Tal como qualquer boa ficção sobre o futuro ou o passado, Dr. Bloodmoney é na verdade sobre a época em que foi escrito, neste caso os anos de ouro da Guerra Fria, onde a paranóia doméstica na América atingiu proporções absurdas e provavelmente justificadas.
A neurose nuclear não é propriedade exclusiva dos anos 60. Bertrand Russell e Martin Amis exibiram-na com brio em décadas diferentes. Mas suspeito que ter vivido em directo a Crise de Cuba proporcionou um poço sem fundo de psicoses a uma geração inteira, esses treze loucos dias em que, parafraseando um dos conselheiros de Kennedy, "certos dedos pairaram literalmente sobre certos botões", e o planeta pareceu ele próprio pairar sobre o Abismo. Nesses lentos, intermináveis dias, muitos americanos (e russos, certamente) fizeram os seus testamentos e recitaram as suas preces. Num apartamento alugado da Califórnia, Philip K. Dick preferiu imaginar o mundo depois da Bomba.

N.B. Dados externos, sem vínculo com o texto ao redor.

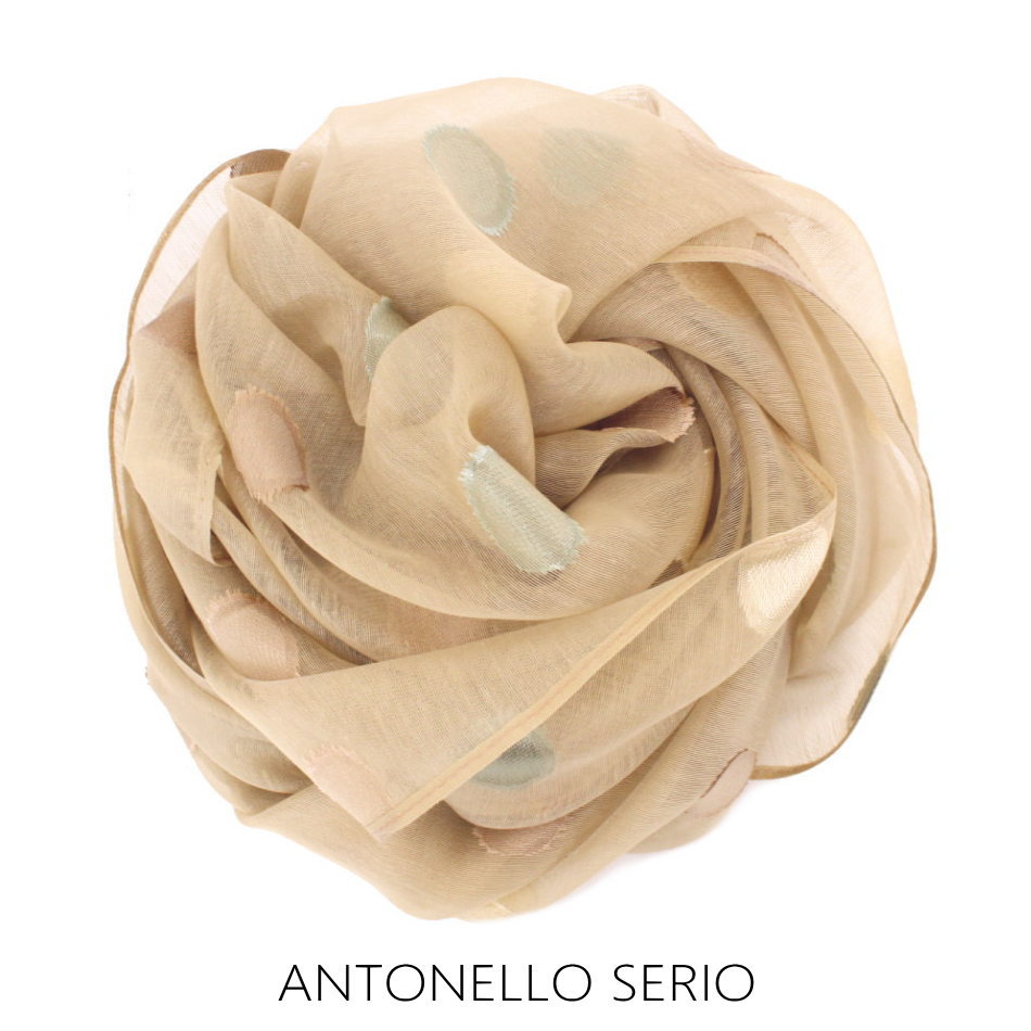 【ネコポス発送】【イタリア直輸入】【よりどり3個以上で各200円引き】イタリア ANTONELLO SERIO シルキー オーガンジーシフォン ドット柄 ジャガード 大判 ストール レディース UV対策 温度調節 01E56476
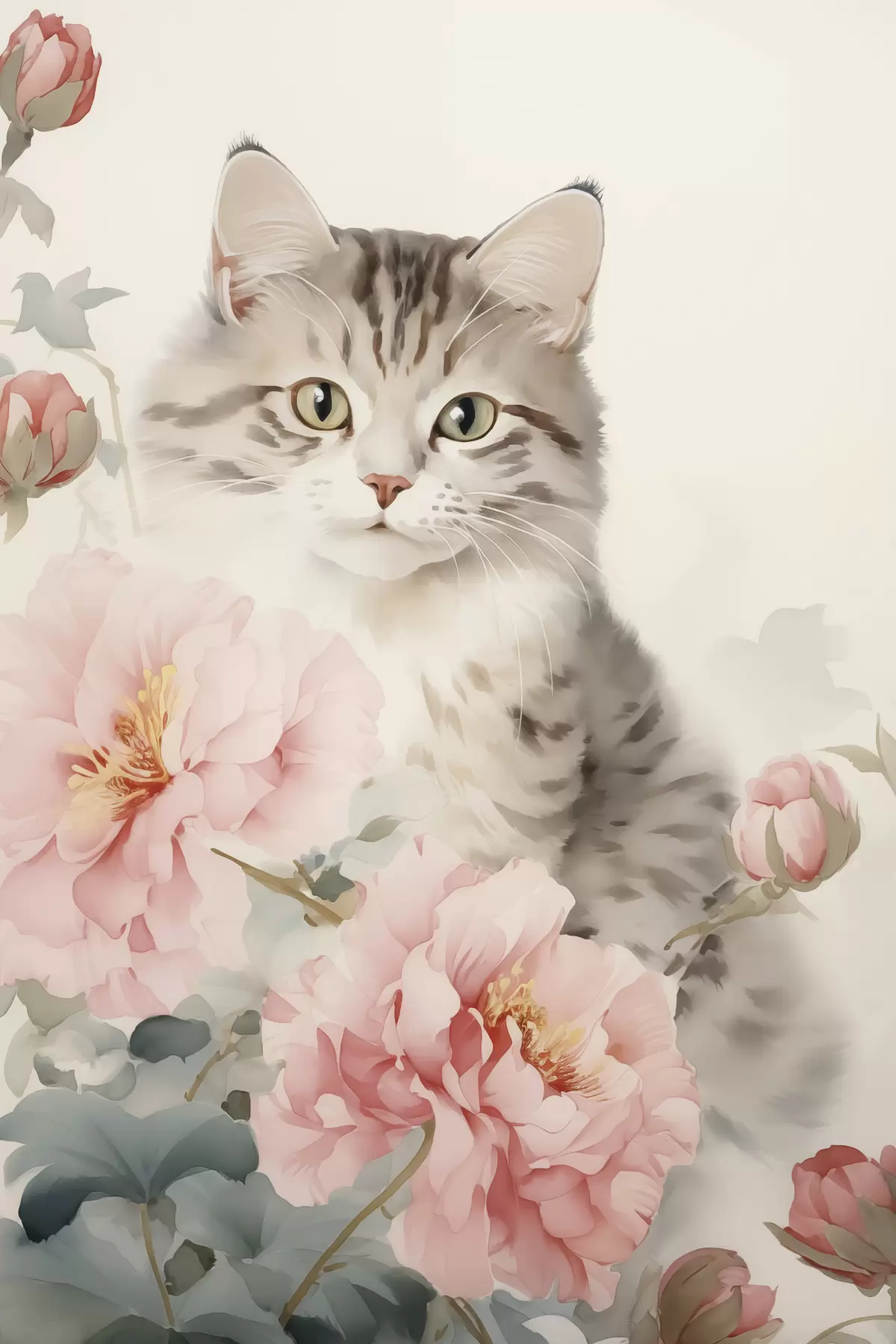 Paveikslas Katė tarp gėlių Nr s45674

E esse Mundo, surpreendentemente, não é mau de todo. Os homens não regressaram às cavernas, não se transformaram em canibais, não desataram a desenhar cogumelos luminosos nas paredes. Dick decide imaginar esse Mundo pós-atómico como uma espécie de sociedade rural, onde a célula mais importante é a comunidade local, do tamanho aproximado de uma aldeia, e onde — crucialmente — se inverteram as antigas hierarquias de poder.